= Supplied entries =
........

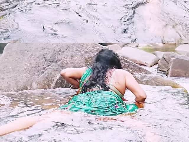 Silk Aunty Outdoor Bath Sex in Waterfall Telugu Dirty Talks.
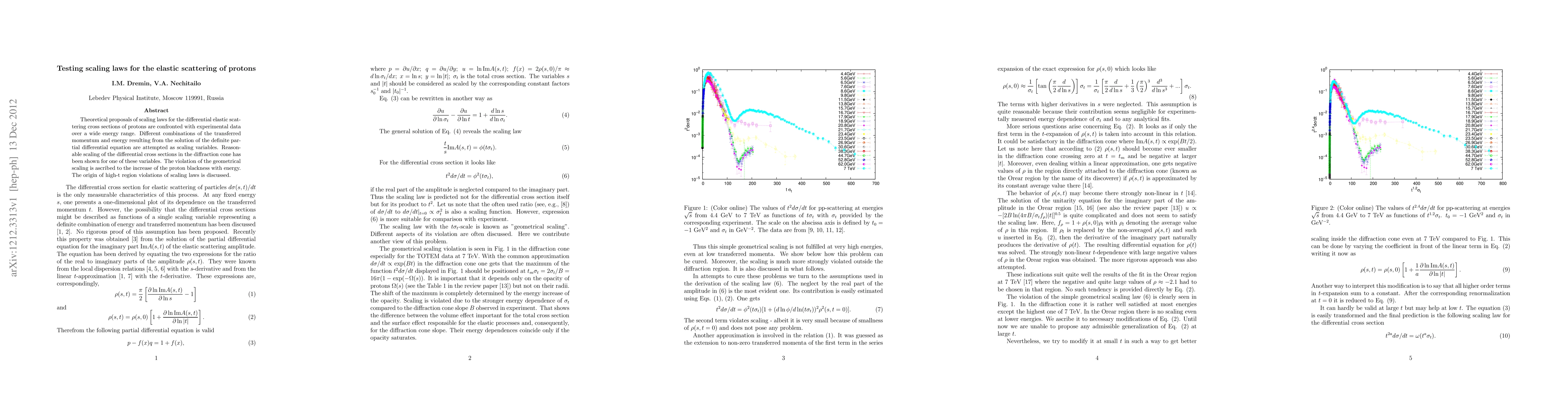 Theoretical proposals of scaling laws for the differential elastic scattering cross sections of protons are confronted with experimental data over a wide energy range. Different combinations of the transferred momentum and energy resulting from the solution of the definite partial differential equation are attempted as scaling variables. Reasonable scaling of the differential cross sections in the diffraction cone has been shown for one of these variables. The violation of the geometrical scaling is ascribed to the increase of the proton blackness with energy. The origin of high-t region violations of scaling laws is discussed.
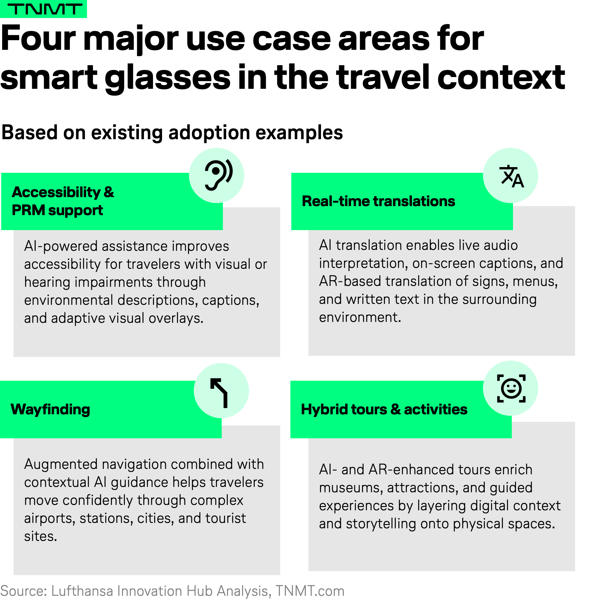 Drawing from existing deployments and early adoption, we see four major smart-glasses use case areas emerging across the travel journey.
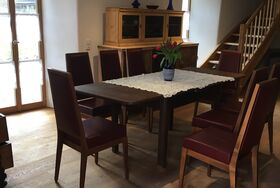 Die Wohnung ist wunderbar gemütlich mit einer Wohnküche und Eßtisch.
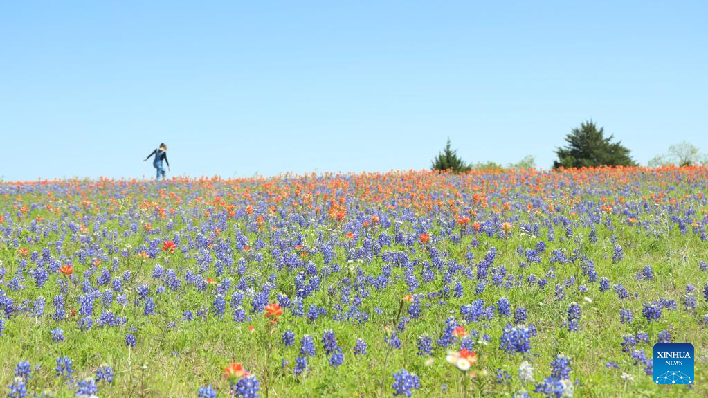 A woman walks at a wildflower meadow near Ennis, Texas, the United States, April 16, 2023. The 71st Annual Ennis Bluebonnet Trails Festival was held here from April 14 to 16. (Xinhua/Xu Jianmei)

........

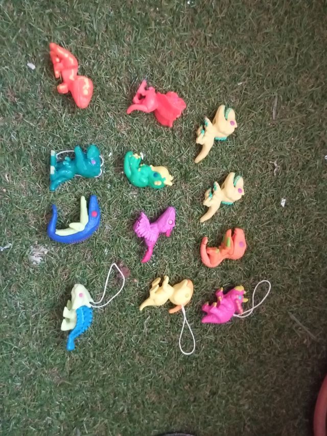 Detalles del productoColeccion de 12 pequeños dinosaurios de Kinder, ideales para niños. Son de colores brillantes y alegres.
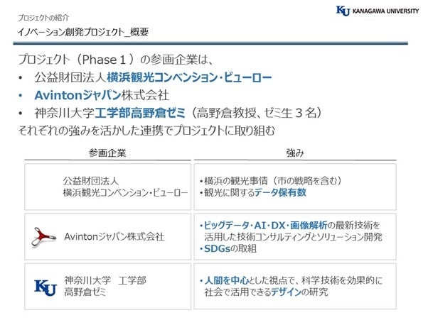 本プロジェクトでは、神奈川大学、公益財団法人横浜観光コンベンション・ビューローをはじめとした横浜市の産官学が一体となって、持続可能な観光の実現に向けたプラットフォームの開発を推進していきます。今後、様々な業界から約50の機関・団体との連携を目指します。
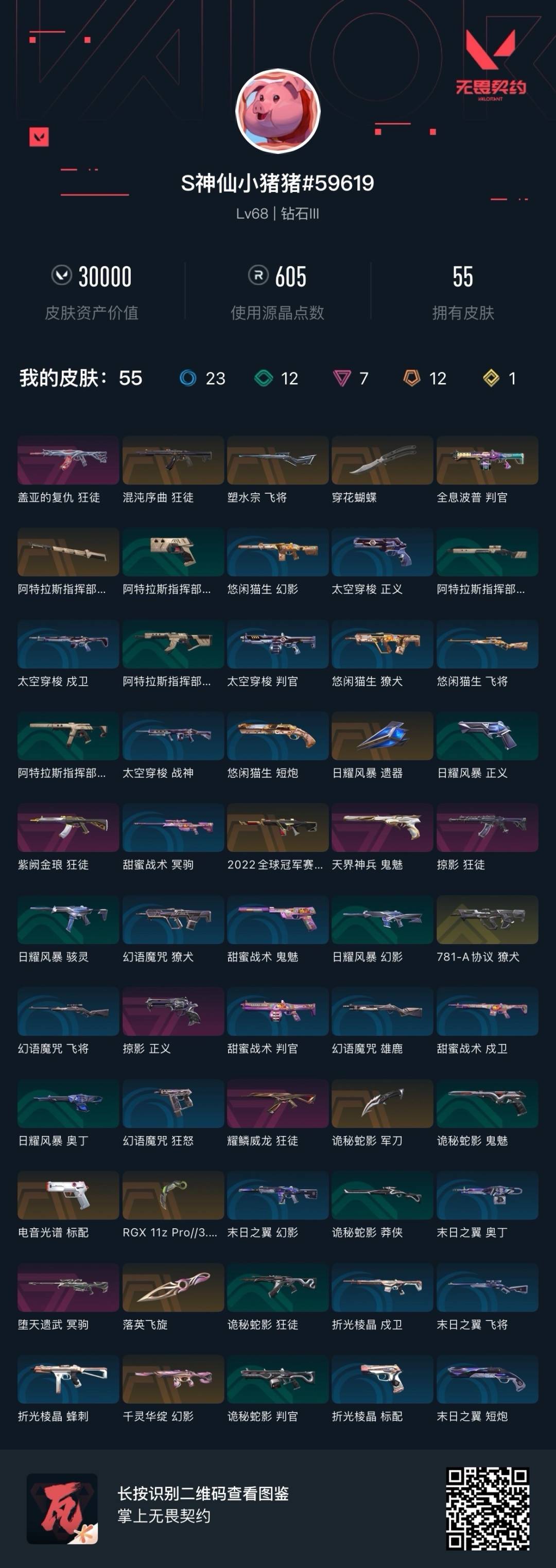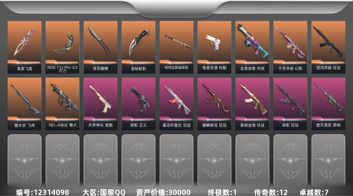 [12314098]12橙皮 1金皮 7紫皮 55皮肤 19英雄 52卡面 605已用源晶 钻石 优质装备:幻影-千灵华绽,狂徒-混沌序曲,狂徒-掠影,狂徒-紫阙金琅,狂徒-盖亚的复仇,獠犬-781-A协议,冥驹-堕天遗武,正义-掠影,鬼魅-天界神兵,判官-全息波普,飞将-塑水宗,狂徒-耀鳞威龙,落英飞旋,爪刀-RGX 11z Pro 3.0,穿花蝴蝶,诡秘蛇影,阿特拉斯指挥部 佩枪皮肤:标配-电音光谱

........

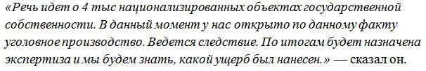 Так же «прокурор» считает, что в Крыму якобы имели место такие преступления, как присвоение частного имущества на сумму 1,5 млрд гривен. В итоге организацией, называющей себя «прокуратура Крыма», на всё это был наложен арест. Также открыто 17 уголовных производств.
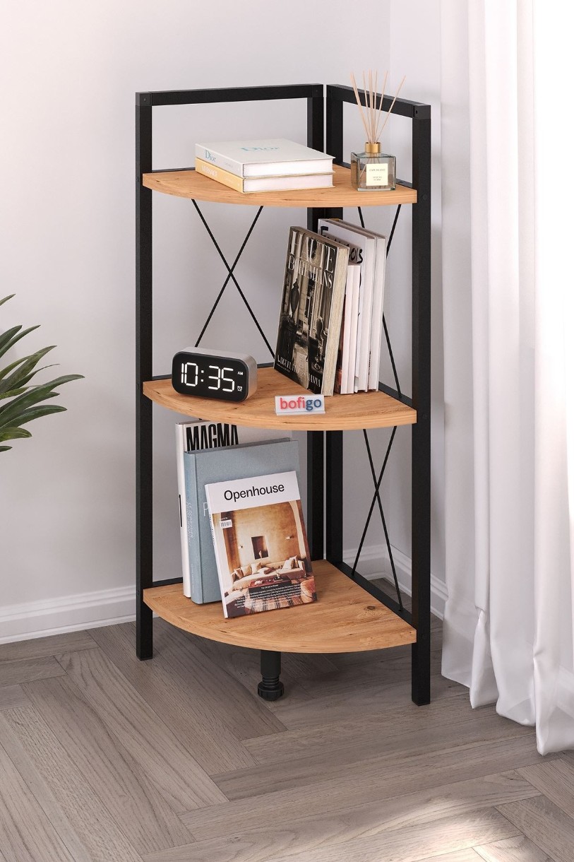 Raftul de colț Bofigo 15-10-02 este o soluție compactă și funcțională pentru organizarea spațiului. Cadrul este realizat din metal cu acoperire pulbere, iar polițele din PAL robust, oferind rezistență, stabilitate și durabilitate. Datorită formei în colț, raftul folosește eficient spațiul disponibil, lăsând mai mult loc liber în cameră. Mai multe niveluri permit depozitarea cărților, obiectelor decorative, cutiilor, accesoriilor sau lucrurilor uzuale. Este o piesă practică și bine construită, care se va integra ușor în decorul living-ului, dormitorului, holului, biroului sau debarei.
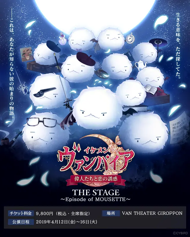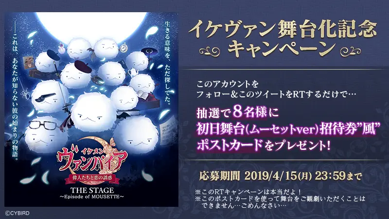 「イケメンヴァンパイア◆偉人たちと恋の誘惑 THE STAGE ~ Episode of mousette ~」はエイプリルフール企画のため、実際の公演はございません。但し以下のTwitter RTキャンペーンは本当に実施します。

........

Write out exactly the run of lines above that starts at the line containing "Raftul de colț" and ends at the line containing "THE STAGE ~". Include both, and leave the pictures out.

 Raftul de colț Bofigo 15-10-02 este o soluție compactă și funcțională pentru organizarea spațiului. Cadrul este realizat din metal cu acoperire pulbere, iar polițele din PAL robust, oferind rezistență, stabilitate și durabilitate. Datorită formei în colț, raftul folosește eficient spațiul disponibil, lăsând mai mult loc liber în cameră. Mai multe niveluri permit depozitarea cărților, obiectelor decorative, cutiilor, accesoriilor sau lucrurilor uzuale. Este o piesă practică și bine construită, care se va integra ușor în decorul living-ului, dormitorului, holului, biroului sau debarei.
 「イケメンヴァンパイア◆偉人たちと恋の誘惑 THE STAGE ~ Episode of mousette ~」はエイプリルフール企画のため、実際の公演はございません。但し以下のTwitter RTキャンペーンは本当に実施します。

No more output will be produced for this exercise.